Segment Start: Dataset excerpts

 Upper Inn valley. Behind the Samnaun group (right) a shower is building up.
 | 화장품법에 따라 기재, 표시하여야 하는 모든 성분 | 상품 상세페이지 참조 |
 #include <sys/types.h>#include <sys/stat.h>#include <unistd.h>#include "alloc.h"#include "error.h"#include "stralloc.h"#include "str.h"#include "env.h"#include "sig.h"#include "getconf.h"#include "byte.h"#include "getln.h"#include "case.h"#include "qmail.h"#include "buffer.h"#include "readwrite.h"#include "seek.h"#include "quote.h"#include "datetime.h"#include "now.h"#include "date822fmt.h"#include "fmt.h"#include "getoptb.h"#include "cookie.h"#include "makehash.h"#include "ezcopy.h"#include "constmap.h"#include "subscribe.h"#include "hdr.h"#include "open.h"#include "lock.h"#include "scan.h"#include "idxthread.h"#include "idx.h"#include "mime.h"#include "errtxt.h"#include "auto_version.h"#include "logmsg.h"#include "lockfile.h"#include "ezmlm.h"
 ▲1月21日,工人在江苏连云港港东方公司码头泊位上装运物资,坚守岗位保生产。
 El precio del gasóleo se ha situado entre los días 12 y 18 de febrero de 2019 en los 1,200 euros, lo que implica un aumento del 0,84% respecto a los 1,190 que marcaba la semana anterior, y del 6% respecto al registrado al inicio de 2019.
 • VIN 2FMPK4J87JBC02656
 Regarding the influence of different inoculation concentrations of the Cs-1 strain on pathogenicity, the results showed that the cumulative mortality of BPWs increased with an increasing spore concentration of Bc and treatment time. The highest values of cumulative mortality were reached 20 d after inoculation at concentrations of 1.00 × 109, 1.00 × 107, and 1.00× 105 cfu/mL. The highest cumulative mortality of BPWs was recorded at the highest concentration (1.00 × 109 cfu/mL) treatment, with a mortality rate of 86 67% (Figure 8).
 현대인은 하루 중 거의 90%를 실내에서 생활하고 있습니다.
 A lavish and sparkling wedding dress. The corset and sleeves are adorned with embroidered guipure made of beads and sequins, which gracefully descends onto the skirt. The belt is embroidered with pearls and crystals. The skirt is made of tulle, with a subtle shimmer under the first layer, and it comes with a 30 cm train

Segment End: Dataset excerpts

* Instructions to follow: All lines from the opening of the records through the line where "상품 상세페이지 참조 |" occurs are to be output verbatim. No other line belongs in the answer.

* Problem solution:
 Upper Inn valley. Behind the Samnaun group (right) a shower is building up.
 | 화장품법에 따라 기재, 표시하여야 하는 모든 성분 | 상품 상세페이지 참조 |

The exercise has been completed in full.